> **Task instructions**
Start at the line with "Plate-forme + bâche" and print every line through the end of the material below. Keep it exact and free of pictures.

> **Data to use**
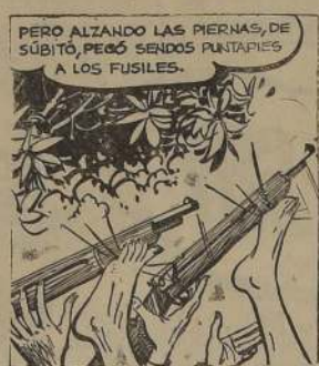
PERO ALZANDO LAS PIERNAS, DE SÚBITO, PEGÓ SÉNDOS PUNTAPES A LOS FUSILES.
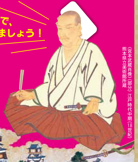
〔宮本武蔵肖像〕(部分) 江戸時代中期(18世紀) 熊本県立美術館所蔵
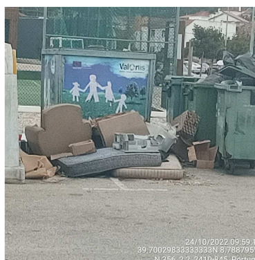
Figura 2: 24/10/2022

Nos termos da alínea q) do nº4 da cláusula 2ª (Serviços Principais) da Parte II (Cláusulas Técnicas) do caderno de encargos:
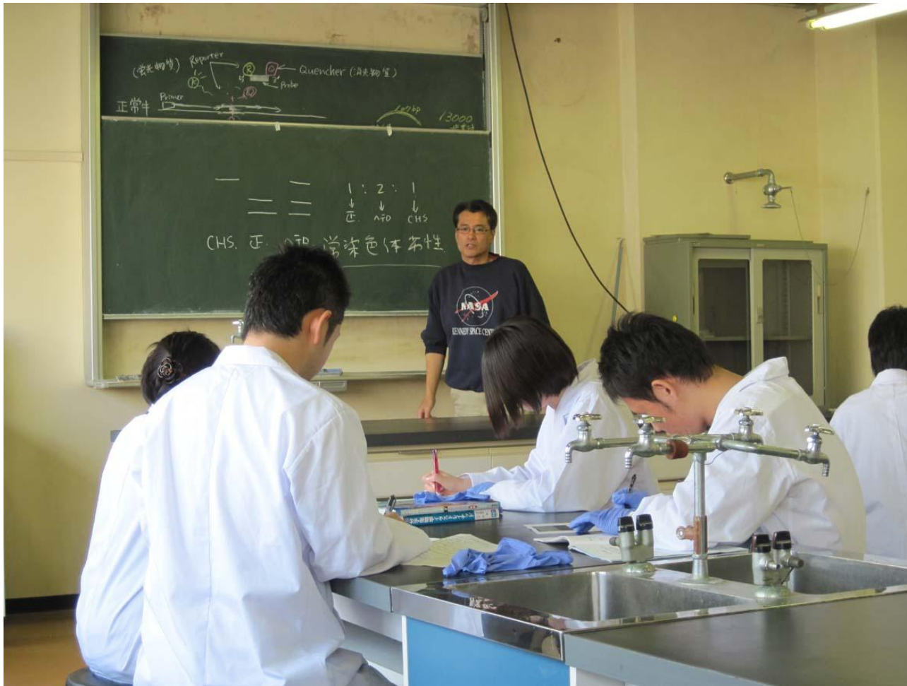
【講座①】ウシのチェディアック・東症候群の遺伝子診断 ウシのチェディアック・東症候群について講義を受けている様子。
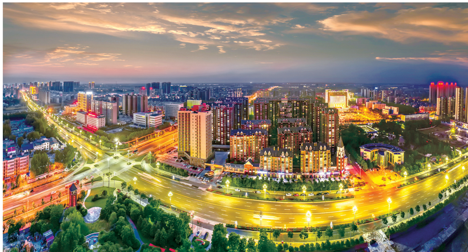
召陵行政新区夜景。
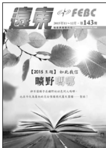
封面影像設計 | Zoe |
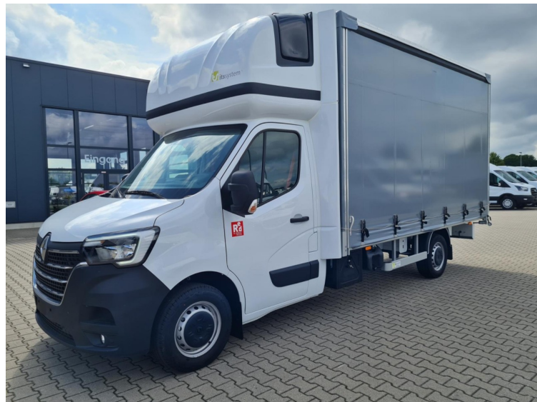
Plate-forme + bâche moins de 7,5 t, 2, Avec historique complet, Inscription temporaire, accident free
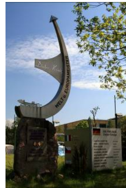
Denkmal für Dieter König Monument to Dieter König
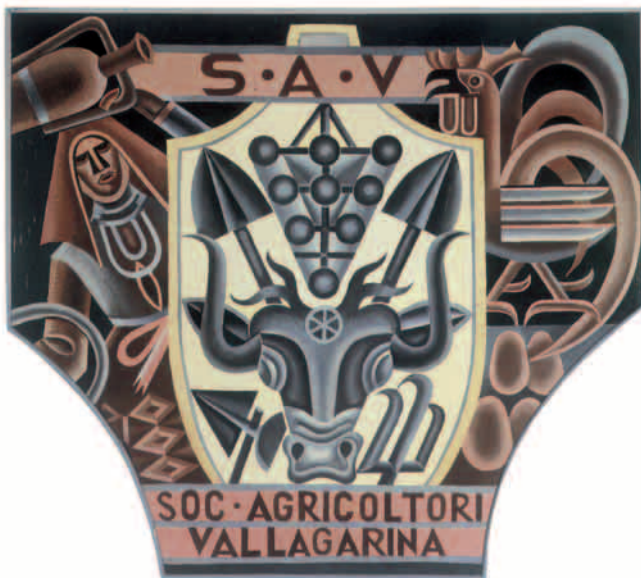
Marchio della Società Agricoltori Vallagarina, dipinto dal pittore futurista Fortunato Depero.

Dalla fine di settembre 2004 l'Azienda ha ottenuto e mantiene un sistema di gestione qualità, che è conforme alla norma UNI EN ISO 9001: 2000, per l'attività di vinificazione d'uve conferite dai soci, lavorazione vini, imbottigliamento e vendita.
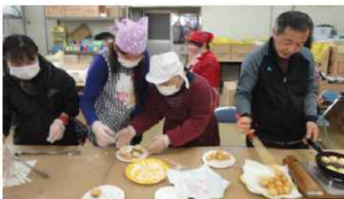
利用者の皆さんと支援員が一緒になってのドーナツ作り

今月はまだ寒いので・・・苑外はダメだなあ・・・。今回は利用者の皆さんと調理実習でドーナツを作ることになりました。(笑)
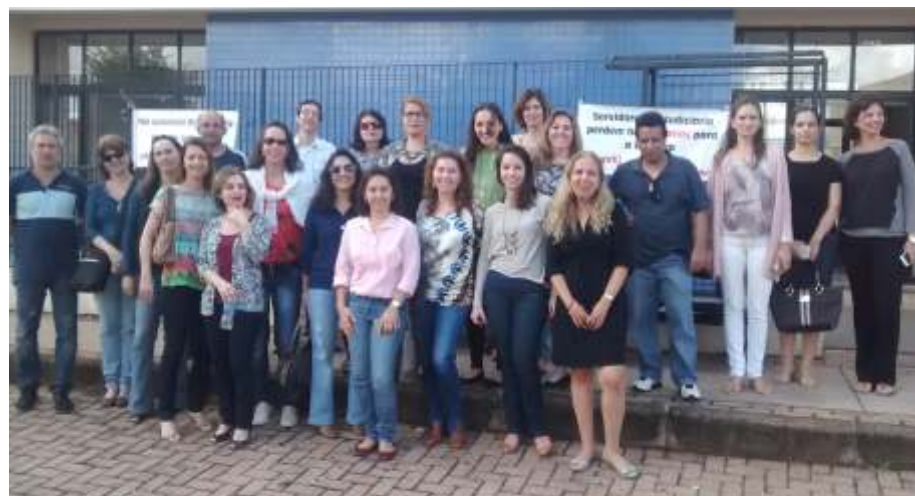
Servidores de Ribeirão Preto em mobilização pela campanha salarial: reajuste só virá com grande adesão dos servidores à paralisação nacional
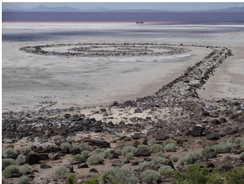
Figure 1 : Robert Smithson, Spiral Jetty , Great Salt Lake, Utah, 1970.

> **Completed task**
Plate-forme + bâche moins de 7,5 t, 2, Avec historique complet, Inscription temporaire, accident free
Denkmal für Dieter König Monument to Dieter König
Marchio della Società Agricoltori Vallagarina, dipinto dal pittore futurista Fortunato Depero.

Dalla fine di settembre 2004 l'Azienda ha ottenuto e mantiene un sistema di gestione qualità, che è conforme alla norma UNI EN ISO 9001: 2000, per l'attività di vinificazione d'uve conferite dai soci, lavorazione vini, imbottigliamento e vendita.
利用者の皆さんと支援員が一緒になってのドーナツ作り

今月はまだ寒いので・・・苑外はダメだなあ・・・。今回は利用者の皆さんと調理実習でドーナツを作ることになりました。(笑)
Servidores de Ribeirão Preto em mobilização pela campanha salarial: reajuste só virá com grande adesão dos servidores à paralisação nacional
Figure 1 : Robert Smithson, Spiral Jetty , Great Salt Lake, Utah, 1970.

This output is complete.